HILA
|
This file contains #defined constants. More...
Go to the source code of this file.
Macros | |
#define | NDEBUG |
Turn off asserts which are on by default. | |
#define | NDIM 4 |
HILA system dimensionality. | |
#define | DEFAULT_OUTPUT_NAME "output" |
Default output file name. | |
#define | EVEN_SITES_FIRST |
EVEN_SITES_FIRST is default. To traverse odd sites first set -DEVEN_SITES_FIRST=0. | |
#define | NODE_LAYOUT_BLOCK 4 |
#define | WRITE_BUFFER_SIZE 2000000 |
#define | GPU_MEMORY_POOL |
#define | GPU_AWARE_MPI 1 |
#define | GPU_RNG_THREAD_BLOCKS 32 |
#define | GPU_VECTOR_REDUCTION_THREAD_BLOCKS 32 |
#define | GPUFFT_BATCH_SIZE 256 |
#define | GPU_GLOBAL_ARG_MAX_SIZE 2048 |
GPU_SYNCHRONIZE_TIMERS : if set and !=0 synchronize GPU on timer calls, in order to obtain meaningful timer values. | |
#define | N_threads 256 |
General number of threads in a thread block. | |
This file contains #defined constants.
These can be overruled in application Makefile, with APP_OPTS := -DPARAMETER=value.
There are two types of #define variables, True/False switches or parameter variables.
True/False statements can be set with either 0 (False) or 1 (True) as -DPARAMETER=0.
Parameter variables are set similary with -DPARAMETER=var where var is the chosen variable
Definition in file params.h.
#define GPU_AWARE_MPI 1 |
#define GPU_GLOBAL_ARG_MAX_SIZE 2048 |
GPU_SYNCHRONIZE_TIMERS : if set and !=0 synchronize GPU on timer calls, in order to obtain meaningful timer values.
Because GPU kernel launch is asynchronous process, the timers by default may not measure the actual time used in GPU kernel execution. Defining GPU_SYNCHRONIZE_TIMERS inserts GPU synchronization calls to timers. This is off by default, because this may slow down GPU code.

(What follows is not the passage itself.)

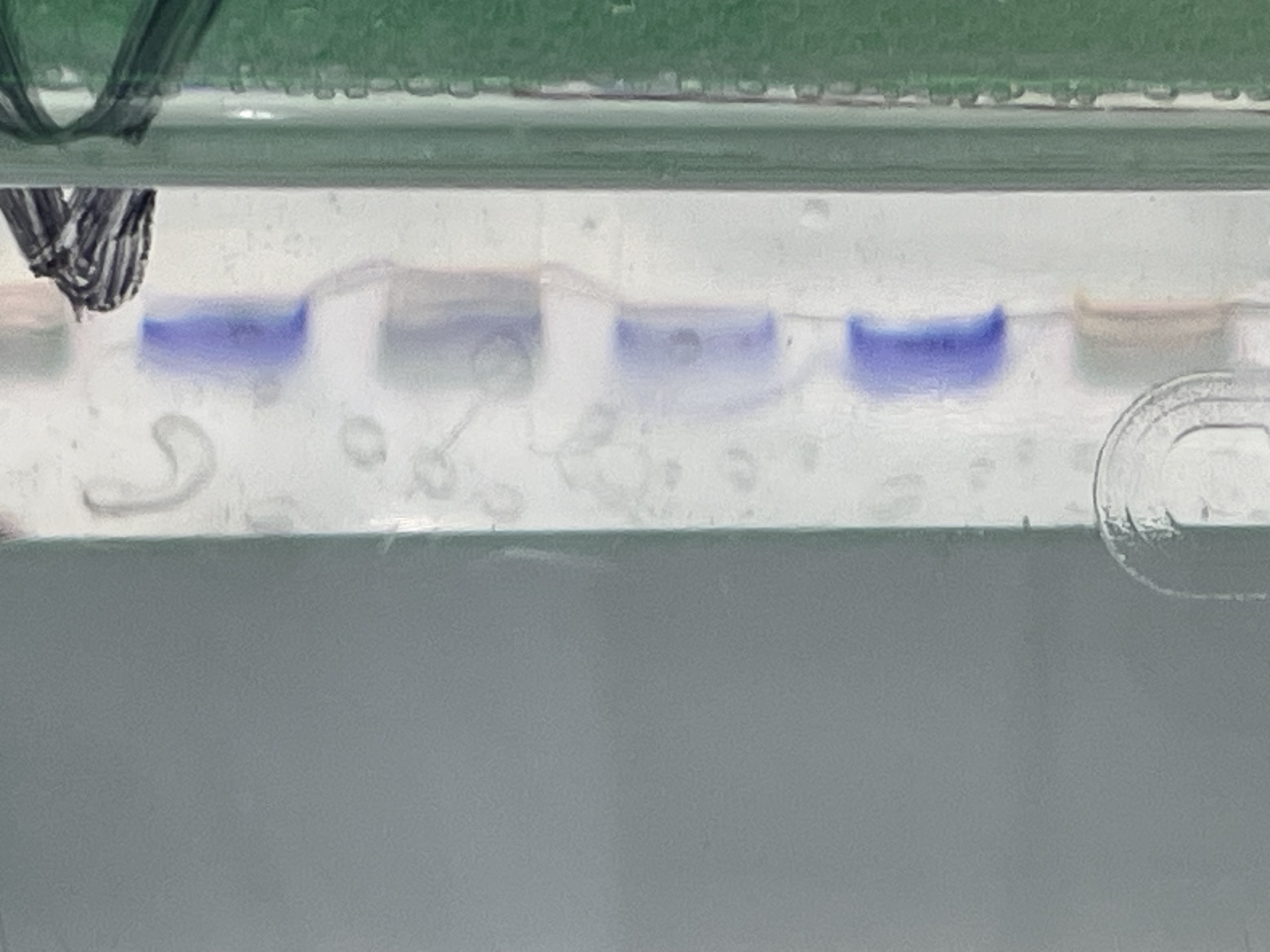 Il faut ensuite centrifuger le marqueur et les échantillons puis les déposer en alternance dans les puits (on commence au bord par la marqueur, puis protéines, marqueur...)

Turn on in order to measure more accurately the time spent in different parts of the code.
GPU_GLOBAL_ARG_MAX_SIZE : in some __global__functions gives the max size of variable passed directly as an argument of the function call. Larger value sizes are passed with gpuMemcopy() and a pointer. CUDA < 12.1 limits the total parameter size to 4K, >= 12.1 it is 32K. We set the default to 2K. in HIP/rocm I have not found the size. Passing as an arg is faster, but size limit is relevant only for big "matrices"
#define GPU_MEMORY_POOL |
#define GPU_RNG_THREAD_BLOCKS 32 |
GPU_RNG_THREAD_BLOCKS Number of thread blocks (of N_threads threads) to use in onsites()-loops containing random numbers. GPU_RNG_THREAD_BLOCKS=0 or undefined means use one RNG on each lattice site, and the thread block number is not restricted. RNG takes about 48 B/generator (with XORWOW). When GPU_RNG_THREAD_BLOCKS > 0 only (N_threads * GPU_RNG_THREAD_BLOCKS) generators are in use, which reduces the memory footprint substantially (and bandwidth demand) Too small number slows down onsites()-loops containing RNGs, because less threads are active. Example: Field<Vector<4,double>> vfield; onsites(ALL) { vfield[X].gaussian_random(); // there's RNG here, so this onsites() is handled by // GPU_RNG_THREAD_BLOCKS thread blocks } GPU_RNG_THREAD_BLOCKS<0 disables GPU random numbers entirely, and loops like above will crash if executed. hilapp will emit a warning, but program is compiled
Default: 32 seems to be OK compromise. Can be set to 0 if memory is not a problem.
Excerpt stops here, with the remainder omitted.